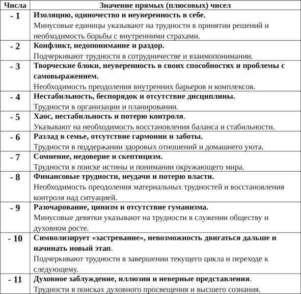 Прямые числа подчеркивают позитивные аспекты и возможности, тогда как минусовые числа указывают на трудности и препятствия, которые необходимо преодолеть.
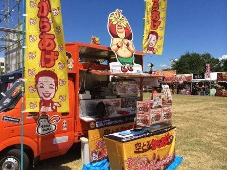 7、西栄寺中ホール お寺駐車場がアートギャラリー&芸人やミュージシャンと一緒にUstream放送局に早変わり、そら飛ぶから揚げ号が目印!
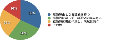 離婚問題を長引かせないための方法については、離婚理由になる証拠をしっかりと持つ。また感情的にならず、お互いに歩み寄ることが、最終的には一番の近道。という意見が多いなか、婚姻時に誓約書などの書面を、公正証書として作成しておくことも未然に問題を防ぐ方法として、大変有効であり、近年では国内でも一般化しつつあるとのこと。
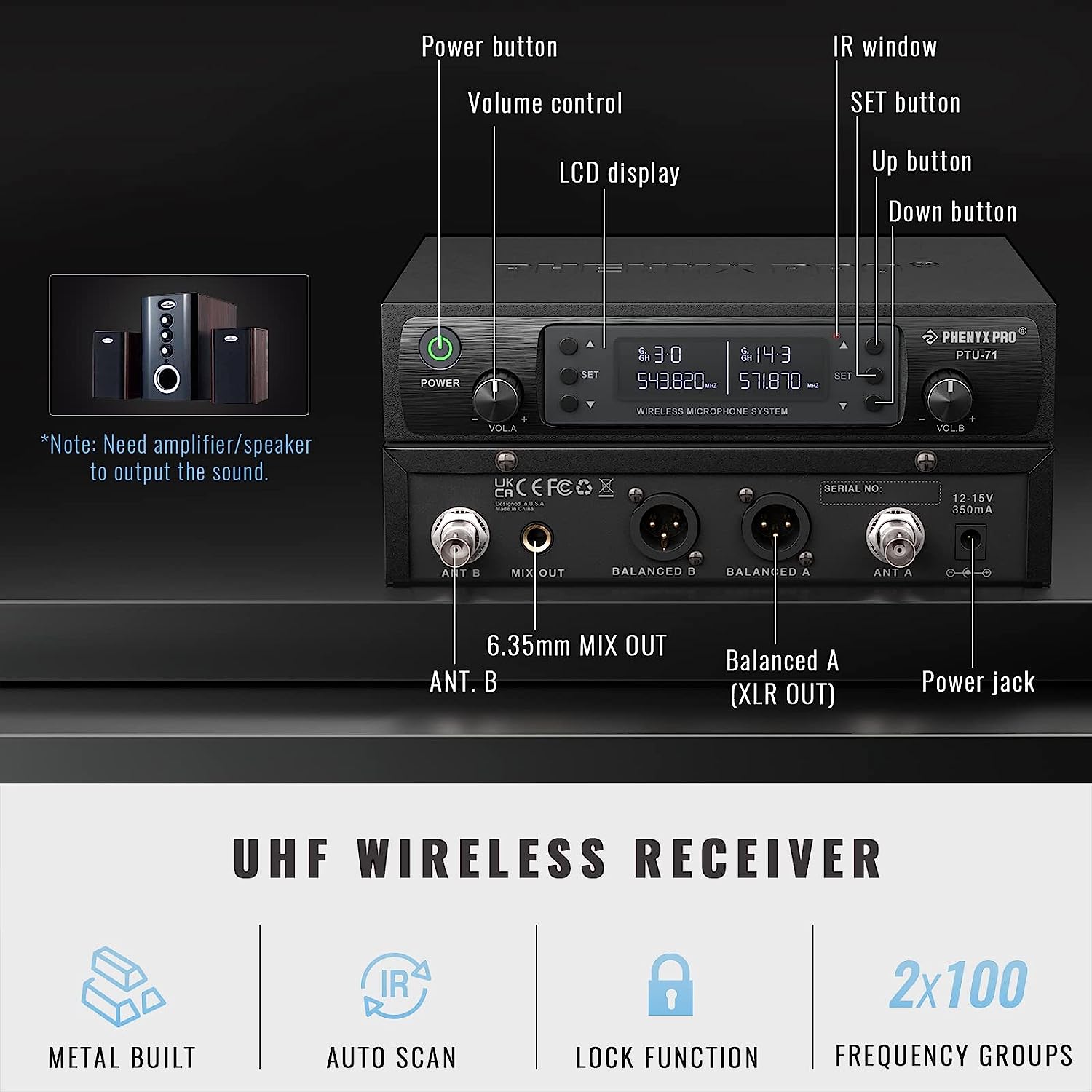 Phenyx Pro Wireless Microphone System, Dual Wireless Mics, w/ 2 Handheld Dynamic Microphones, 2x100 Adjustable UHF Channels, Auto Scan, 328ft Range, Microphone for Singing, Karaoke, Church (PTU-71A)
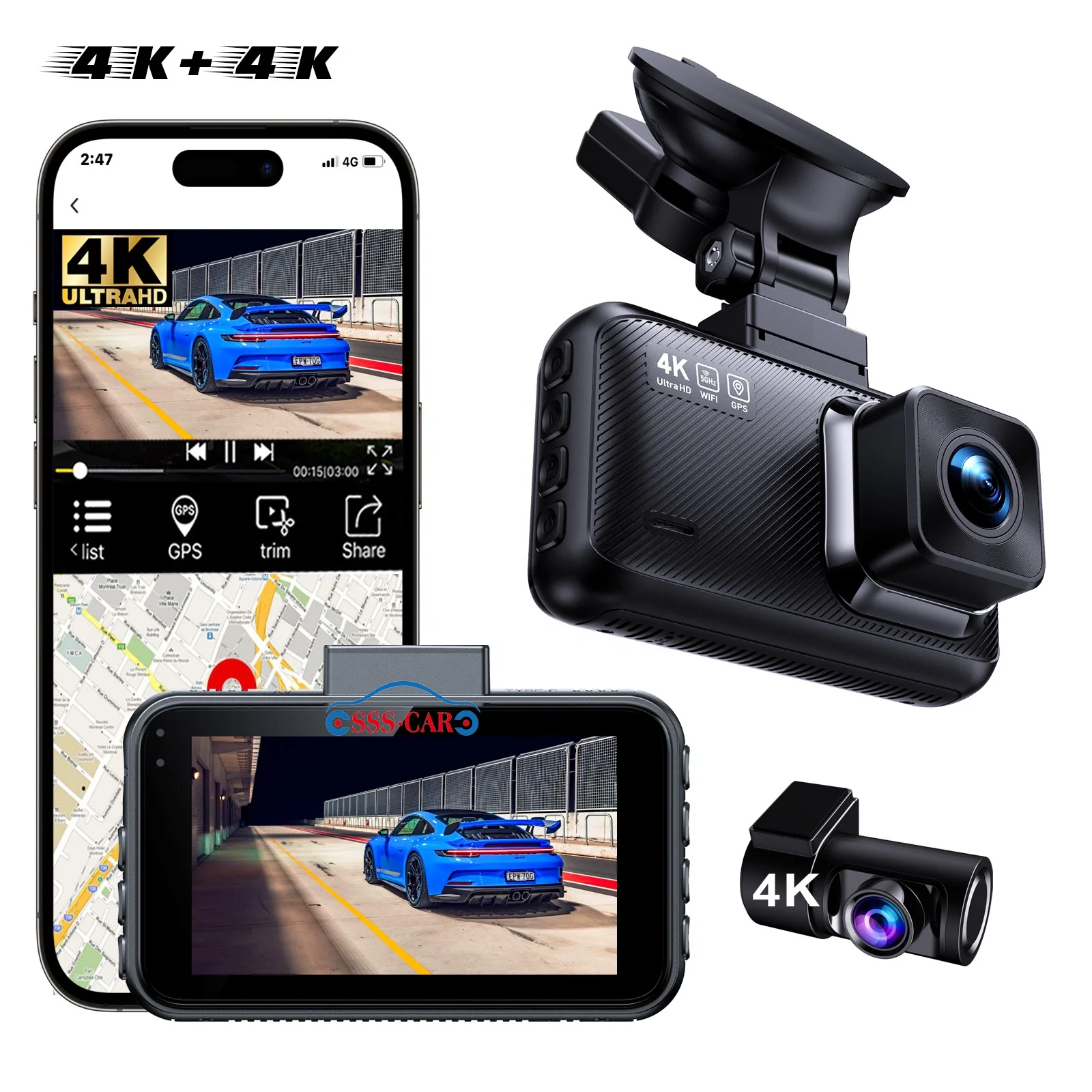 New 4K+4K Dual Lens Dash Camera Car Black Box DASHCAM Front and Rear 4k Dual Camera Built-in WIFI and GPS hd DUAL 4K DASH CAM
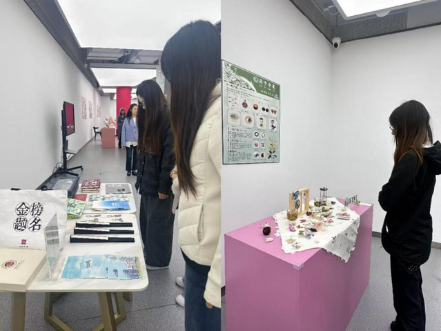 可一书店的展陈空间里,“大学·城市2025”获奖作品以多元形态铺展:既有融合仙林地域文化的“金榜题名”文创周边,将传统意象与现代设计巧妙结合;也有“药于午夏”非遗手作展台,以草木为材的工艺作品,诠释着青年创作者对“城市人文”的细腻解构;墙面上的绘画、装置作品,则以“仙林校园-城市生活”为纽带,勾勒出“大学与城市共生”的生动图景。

• • • • • • •

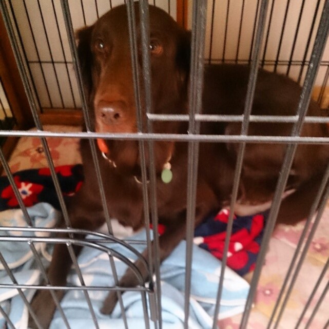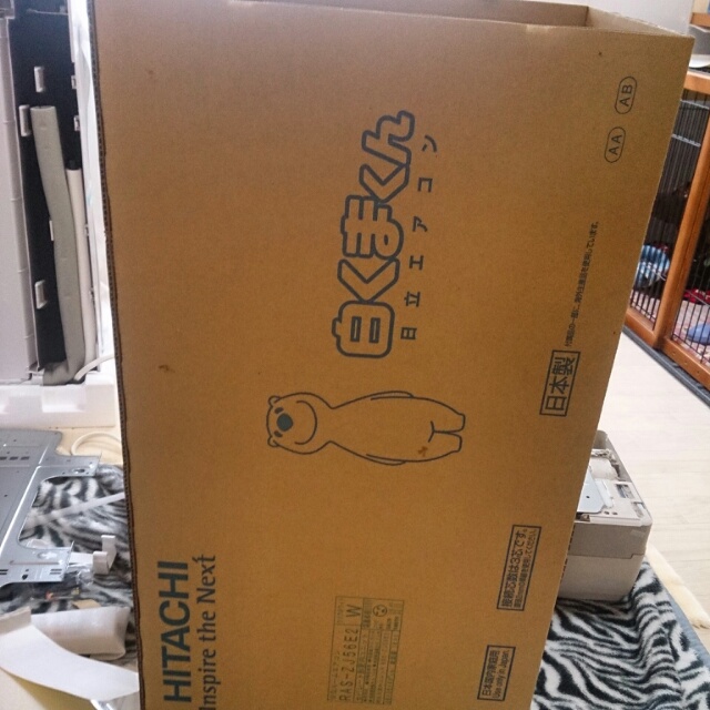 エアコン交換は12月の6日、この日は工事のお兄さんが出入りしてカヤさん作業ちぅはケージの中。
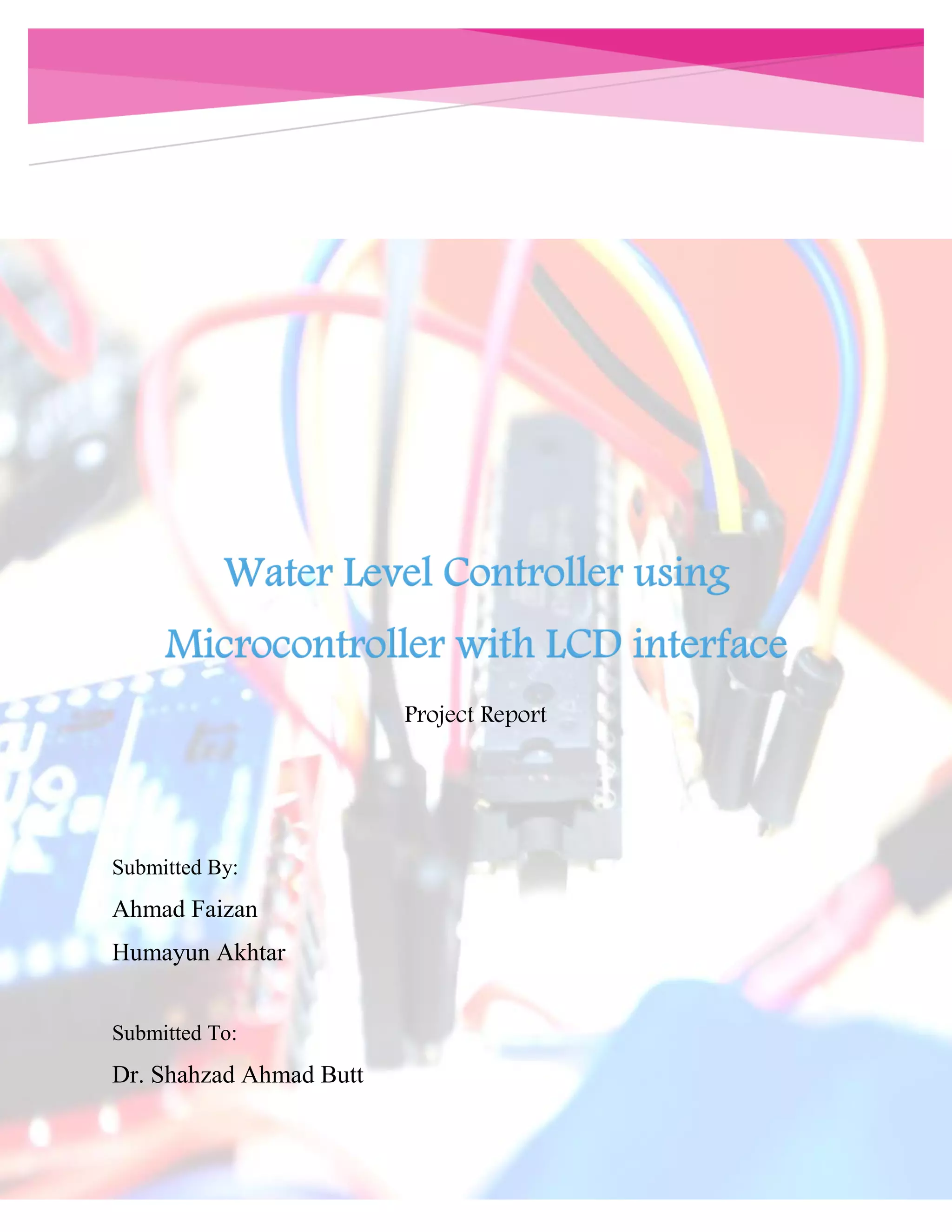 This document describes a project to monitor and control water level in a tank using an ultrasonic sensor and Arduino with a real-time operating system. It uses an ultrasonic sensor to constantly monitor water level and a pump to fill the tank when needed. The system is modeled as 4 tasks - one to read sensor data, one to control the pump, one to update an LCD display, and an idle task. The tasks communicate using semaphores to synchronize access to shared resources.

• • • • • • •

In the data above, find the line containing "Прямые числа подчеркивают" and the line containing "Phenyx Pro Wireless". Repeat those two lines and everything between them exactly, minus the pictures.

 Прямые числа подчеркивают позитивные аспекты и возможности, тогда как минусовые числа указывают на трудности и препятствия, которые необходимо преодолеть.
 7、西栄寺中ホール お寺駐車場がアートギャラリー&芸人やミュージシャンと一緒にUstream放送局に早変わり、そら飛ぶから揚げ号が目印!
 離婚問題を長引かせないための方法については、離婚理由になる証拠をしっかりと持つ。また感情的にならず、お互いに歩み寄ることが、最終的には一番の近道。という意見が多いなか、婚姻時に誓約書などの書面を、公正証書として作成しておくことも未然に問題を防ぐ方法として、大変有効であり、近年では国内でも一般化しつつあるとのこと。
 Phenyx Pro Wireless Microphone System, Dual Wireless Mics, w/ 2 Handheld Dynamic Microphones, 2x100 Adjustable UHF Channels, Auto Scan, 328ft Range, Microphone for Singing, Karaoke, Church (PTU-71A)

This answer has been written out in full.